A Machine Learning Pipeline for Gait Analysis in a Semi Free-Living Environment
Sylvain Jung1,2,3,4, Nicolas de l'Escalopier5,6, Laurent Oudre1
1Université Paris Saclay, Université Paris Cité, ENS Paris Saclay, CNRS, SSA, INSERM, Centre Borelli, F-91190 Gif-sur-Yvette, France.
Sensors (Basel, Switzerland)
|April 28, 2023
Summary
This study introduces a new graphical method to summarize human activity and locomotion in semi free-living environments. This visualization simplifies complex time-series data, aiding in the understanding of patient behavior and gait protocols.
Area of Science:
- Biomedical Engineering
- Human-Computer Interaction
- Signal Processing
Background:
- Monitoring patients in semi free-living environments generates long, complex time-series data.
- Analyzing human behavior, especially locomotion, from this data is challenging.
- Existing methods lack user-friendly and condensed visualization for complex activity data.
Purpose of the Study:
- To develop a novel graphical approach for summarizing subject activity during protocols in semi free-living environments.
- To create an easy-to-read and user-friendly visualization of human behavior, particularly locomotion.
- To enable rapid analysis of newly acquired time-series data using a learned graphical representation.
Main Methods:
- Utilized a pipeline of signal processing and machine learning algorithms.
- Applied adaptive change-point detection to segment raw data from inertial measurement units.

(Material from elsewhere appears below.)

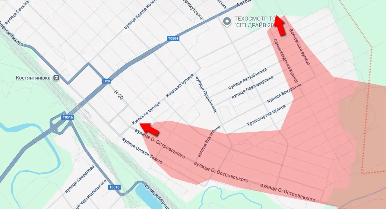 Сегодня российские войска, преодолев ещё около 700 м жилой застройки, прошли практически всю улицу Александра Островского. Бои идут в 400 м от крупной и основной транспортной развязки города, близ которой располагается константиновская металлобаза, территория которой активно используется ВСУ.
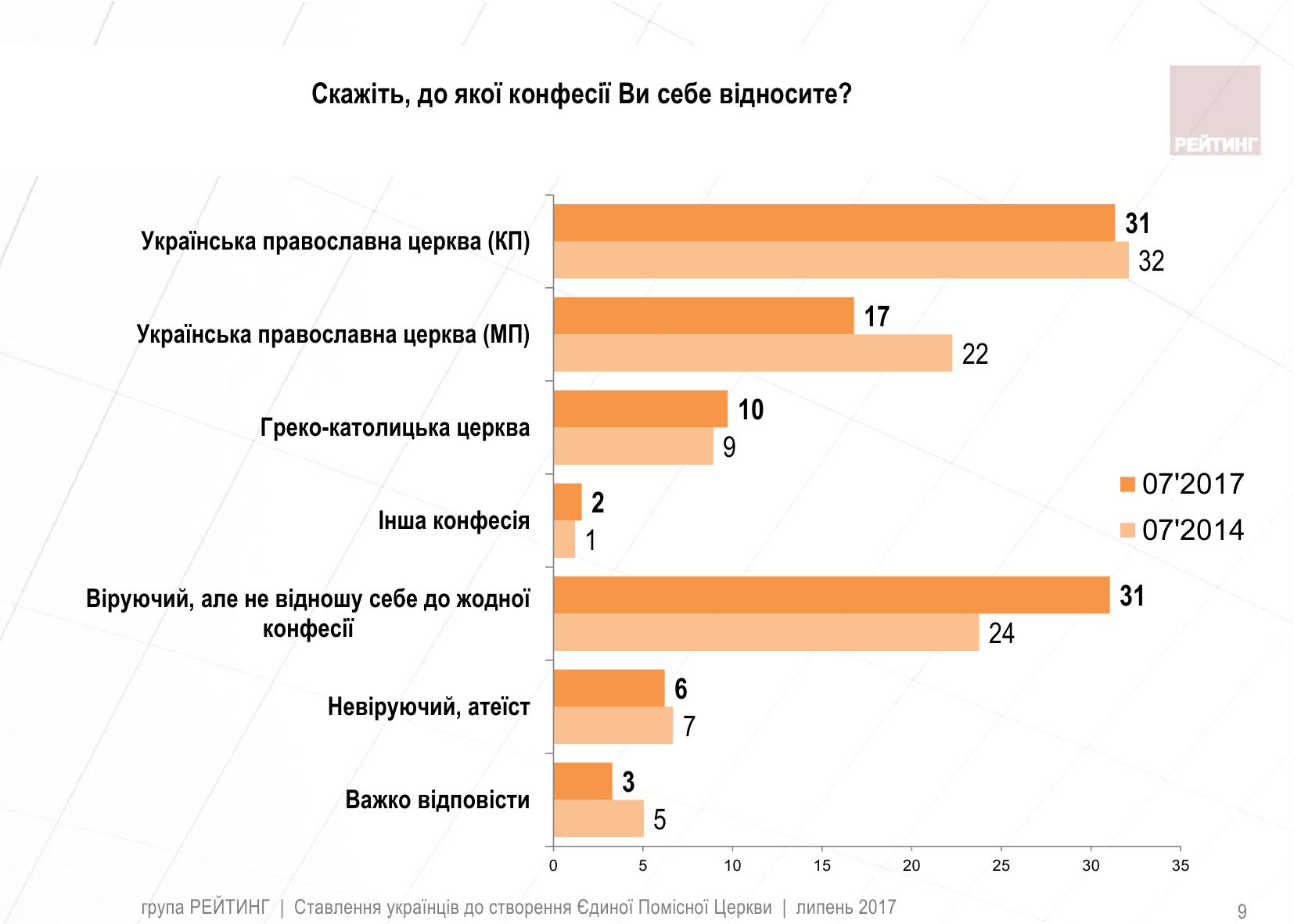 Среди верующих преобладают сторонники Украинской православной церкви (Киевский патриархат) – 31%, верными Украинской православной церкви Московского патриархата остаются 17% респондентов, прихожанами Украинской греко-католической церкви являются 10% украинцев.

- Automated segment labeling, feature extraction, and activity scoring, comparing against healthy models.
Main Results:
- Developed an innovative pipeline to process complex time-series data from inertial measurement units.
- Generated a graphical representation that condenses human behavior and locomotion into an understandable format.

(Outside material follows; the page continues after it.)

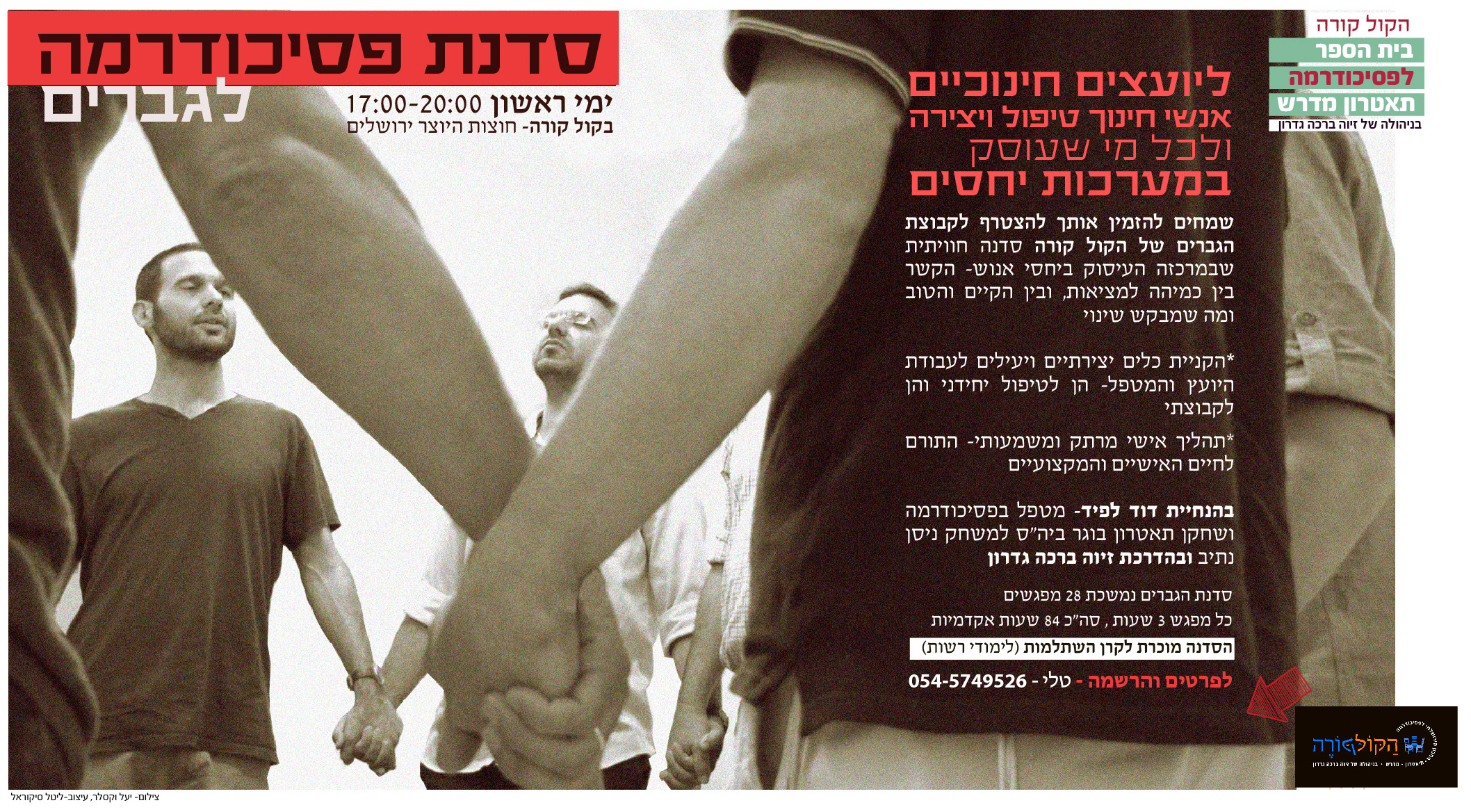 סדנת גברים פסיכודרמה לגברים בהנחיית דוד לפיד וזיוה ברכה גדרון

- The visualization effectively summarizes activities and aids in understanding salient events in gait protocols.
Conclusions:
- The novel graphical summary provides a detailed, adaptive, and structured visualization of subject activity.
- This approach simplifies the analysis of complex gait protocols in semi free-living environments.
- The method enhances the understanding of human behavior and locomotion patterns through accessible data representation.